[Data entries]

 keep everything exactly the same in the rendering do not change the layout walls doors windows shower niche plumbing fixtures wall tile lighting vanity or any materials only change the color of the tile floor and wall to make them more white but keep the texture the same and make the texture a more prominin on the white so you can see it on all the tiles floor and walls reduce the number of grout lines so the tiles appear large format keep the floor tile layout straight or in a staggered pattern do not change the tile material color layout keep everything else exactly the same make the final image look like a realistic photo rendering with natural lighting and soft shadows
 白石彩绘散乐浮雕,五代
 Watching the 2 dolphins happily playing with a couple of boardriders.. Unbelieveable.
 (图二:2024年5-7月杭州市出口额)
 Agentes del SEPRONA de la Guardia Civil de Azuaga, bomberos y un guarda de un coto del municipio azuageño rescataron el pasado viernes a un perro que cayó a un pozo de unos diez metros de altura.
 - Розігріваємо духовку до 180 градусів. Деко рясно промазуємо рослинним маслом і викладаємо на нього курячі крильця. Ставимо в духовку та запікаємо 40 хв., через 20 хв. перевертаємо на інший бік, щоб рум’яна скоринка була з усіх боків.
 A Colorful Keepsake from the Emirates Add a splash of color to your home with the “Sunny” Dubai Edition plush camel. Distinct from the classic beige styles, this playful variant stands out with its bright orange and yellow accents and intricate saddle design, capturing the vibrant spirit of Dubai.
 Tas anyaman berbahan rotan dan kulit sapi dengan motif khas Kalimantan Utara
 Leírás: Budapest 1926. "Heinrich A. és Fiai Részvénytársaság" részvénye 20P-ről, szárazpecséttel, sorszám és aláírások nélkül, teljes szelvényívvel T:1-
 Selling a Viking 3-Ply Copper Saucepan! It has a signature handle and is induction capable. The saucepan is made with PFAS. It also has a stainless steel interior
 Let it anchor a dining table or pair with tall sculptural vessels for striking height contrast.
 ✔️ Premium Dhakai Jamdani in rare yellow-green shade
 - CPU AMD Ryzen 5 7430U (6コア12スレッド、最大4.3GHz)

TASK ITEM - From the data above, output only the lines between the line containing "Tas anyaman berbahan" and the line containing "Leírás: Budapest 1926.", inclusive, exactly as written.

SOLUTION -
 Tas anyaman berbahan rotan dan kulit sapi dengan motif khas Kalimantan Utara
 Leírás: Budapest 1926. "Heinrich A. és Fiai Részvénytársaság" részvénye 20P-ről, szárazpecséttel, sorszám és aláírások nélkül, teljes szelvényívvel T:1-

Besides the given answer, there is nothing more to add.